### EXERCISE DATA
§
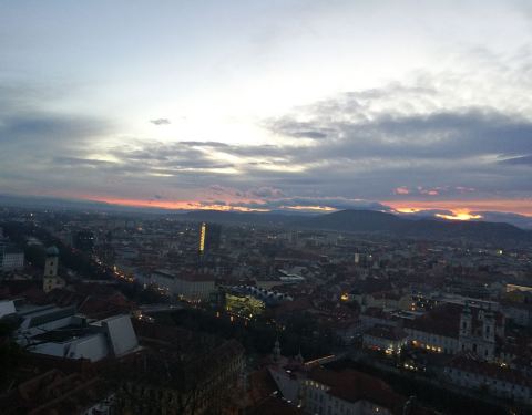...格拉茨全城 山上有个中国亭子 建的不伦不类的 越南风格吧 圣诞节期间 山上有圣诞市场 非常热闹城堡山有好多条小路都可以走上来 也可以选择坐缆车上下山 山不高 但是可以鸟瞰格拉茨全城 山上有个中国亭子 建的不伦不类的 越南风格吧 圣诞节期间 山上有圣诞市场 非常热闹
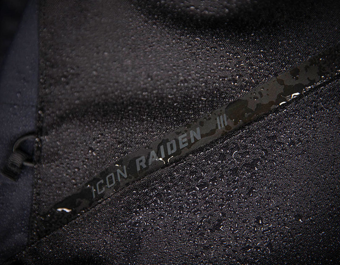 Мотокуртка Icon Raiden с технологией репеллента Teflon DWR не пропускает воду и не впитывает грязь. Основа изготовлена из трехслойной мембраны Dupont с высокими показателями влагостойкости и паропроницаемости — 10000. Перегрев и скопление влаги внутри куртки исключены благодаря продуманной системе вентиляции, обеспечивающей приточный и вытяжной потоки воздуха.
§
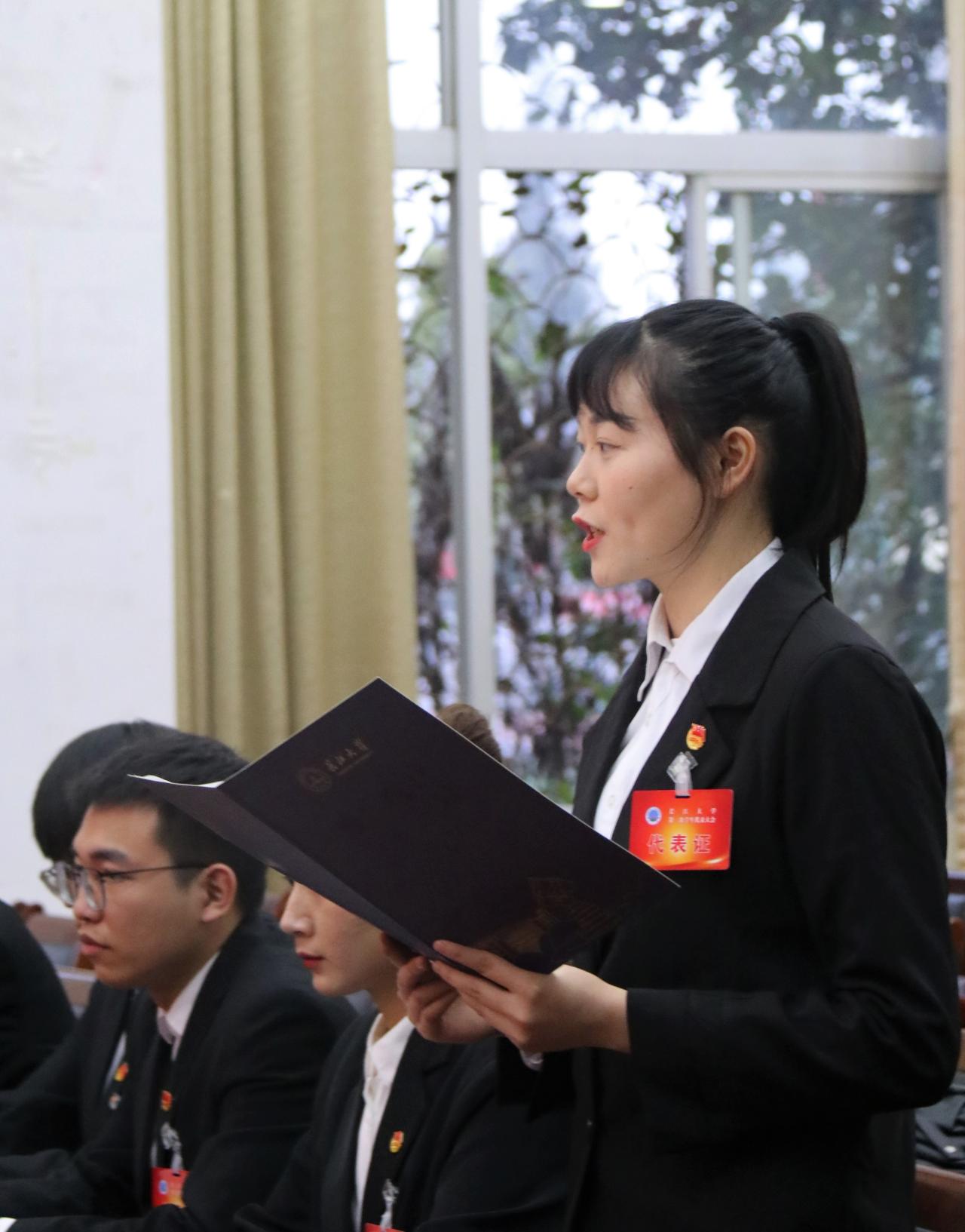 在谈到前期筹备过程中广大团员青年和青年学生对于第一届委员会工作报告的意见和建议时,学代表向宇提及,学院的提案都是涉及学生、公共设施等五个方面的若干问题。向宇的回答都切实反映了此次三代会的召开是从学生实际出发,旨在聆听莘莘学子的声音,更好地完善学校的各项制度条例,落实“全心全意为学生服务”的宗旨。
§
### PROBLEM STATEMENT
Above, find the line with "但是可以鸟瞰格拉茨全城 山上有个中国亭子 建的不伦不类的 越南风格吧 圣诞节期间 山上有圣诞市场 非常热闹"; copy it and every line down to the line with "Мотокуртка Icon Raiden", exactly and both included, but no pictures.

### ANSWER SECTION
...格拉茨全城 山上有个中国亭子 建的不伦不类的 越南风格吧 圣诞节期间 山上有圣诞市场 非常热闹城堡山有好多条小路都可以走上来 也可以选择坐缆车上下山 山不高 但是可以鸟瞰格拉茨全城 山上有个中国亭子 建的不伦不类的 越南风格吧 圣诞节期间 山上有圣诞市场 非常热闹
 Мотокуртка Icon Raiden с технологией репеллента Teflon DWR не пропускает воду и не впитывает грязь. Основа изготовлена из трехслойной мембраны Dupont с высокими показателями влагостойкости и паропроницаемости — 10000. Перегрев и скопление влаги внутри куртки исключены благодаря продуманной системе вентиляции, обеспечивающей приточный и вытяжной потоки воздуха.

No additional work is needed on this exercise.